Since Tom Ross was asked to step down, partisan politics has sullied the University, the student experience, the faculty and the administration. Politics has done nothing to enhance the quality of the faculty, the quality of the education, or the reputation of the University as one of the finest state institutions in the country. It’s a sad time.
Marty Kotis must be removed from the BOT immediately for this gross inappropriate behavior by a board member. I am shocked that Kotis is still on the board at this moment. Remove him now.
Time after time I see these OUTRAGEOUS insults to the University, Staff and Students. So what can I do? Tell me how to be more involved?
Thank you for your comment. Here is what you can do:
1. Contact legislators, UNC-CH Trustee Chair Boliek, and members of the Board of Governors to express your concerns.
2. Be sure to vote for state Senate and House candidates who will appoint governors and trustees that:
I aam SOOOO weary of the UNC Board of Trustees. This conduct is intolerable. Any guidance as to how to impact this would be appreciated. I resent that the NCGA has somehow been able to undermine the reputation of our university system. It is one of NC’s treasures.

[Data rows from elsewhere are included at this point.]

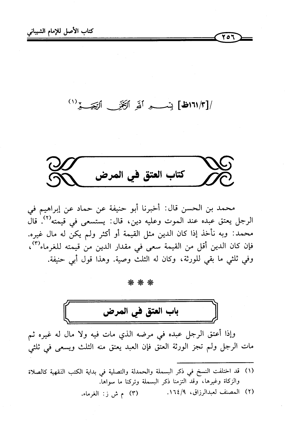 محمد بن الحسن قال: أخبرنا أبو حنيفة عن حماد عن إبراهيم في الرجل يعتق عبده عند الموت وعليه دين، قال: يستسعى في قيمته (¬2). قال محمد: وبه نأخذ إذا كان الدين مثل القيمة أو أكثر ولم يكن له مال غيره. فإن كان الدين أقل من القيمة سعى في مقدار الدين من قيمته للغرماء (¬3)، وفي ثلثي ما بقي للورثة، وكان له الثلث وصية. وهذا قول أبي حنيفة.
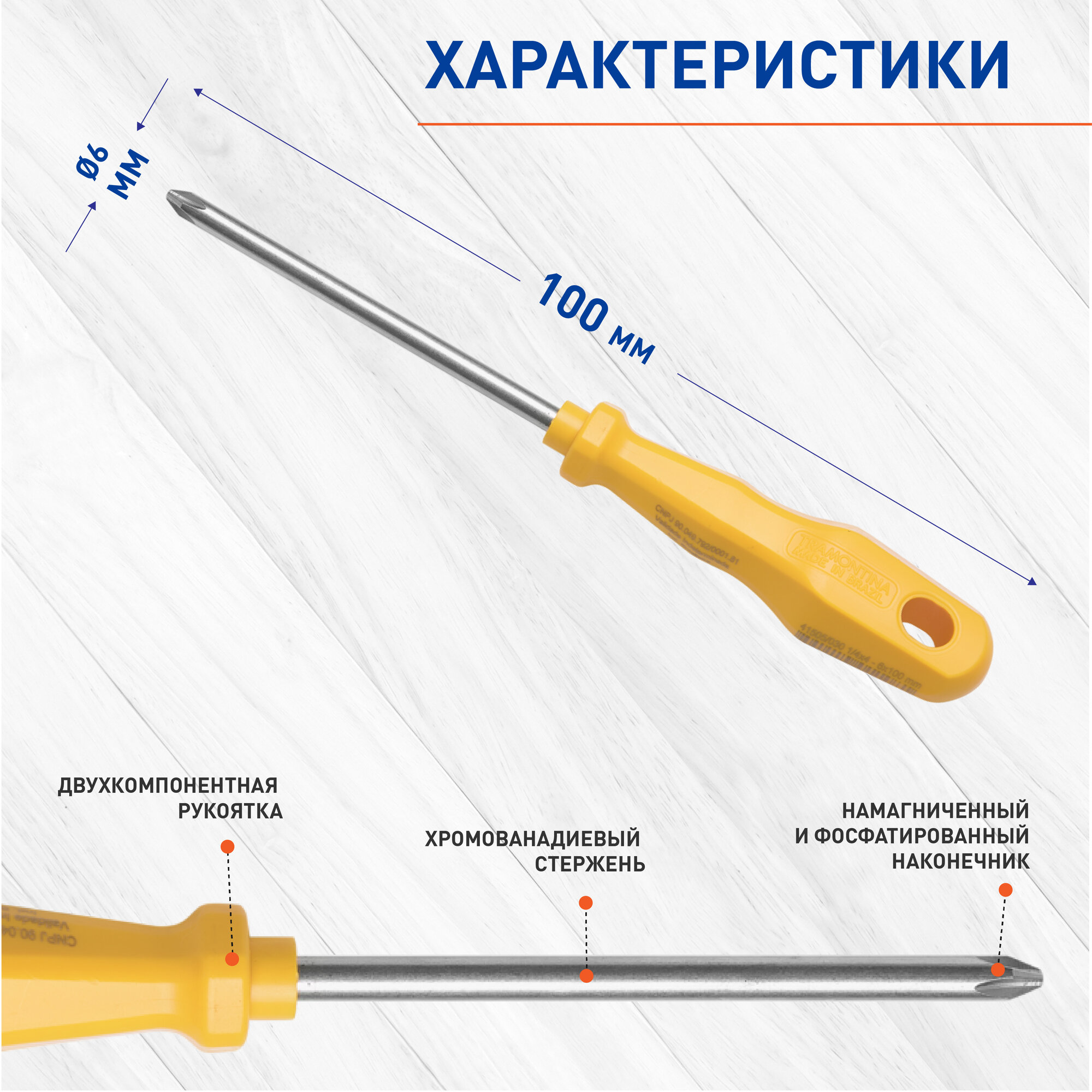 Отвертка крестовая Tramontina 41505030 универсальная для точных работ PH6, 6х100 мм, ванадиевая сталь интересное:
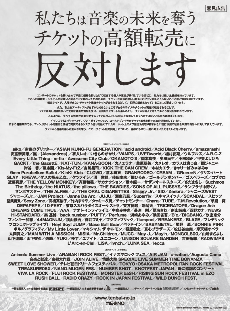 スポーツイベント業界はあまり詳しくないので、コンサート系を前提にお話しますが、今では主催関係者やイベンター、オークションサイトもいろいろな対策をとっています。価格設定の調整、個人認証システム、交換システムの構築、転売サイト監視、大量出品者へのアカウント規制などを行っています。2016年にはコンサートプロモーター各社が連名でこのような新聞広告を出していたこともあります。

Thank you for your comment. Here is what you can do:
1. Contact legislators, UNC-CH Trustee Chair Boliek, and members of the Board of Governors to express your concerns.
2. Be sure to vote for state Senate and House candidates who will appoint governors and trustees that:
If the administration is supposed to stay out of how the student body is run, should not the student body stay out how the university is run?
Generally, the student body does stay out of how the university is run; nevertheless UNC, as is true at most universities, enjoys a certain percentage of students who cares about how the university is run and willing to give voice and action to concerns.
And, despite your false equivalency, there is clearly a difference between students speaking truth to power (as well as an obligation to do so) and the BOT acting as a punitive, nosy nanny.
Also, do not neglect that Carolina’s student body president, elected by the student body, is an active, voting member of the BOT. This fact therefore carries with it an expectation of student body involvement in the workings of the BOT.
How the university is run is of intrinsic relevance to students (and faculty/staff). Advocating otherwise, that they should mind their own business, ignores the fact that this is their business and, by and large, their life while at Carolina.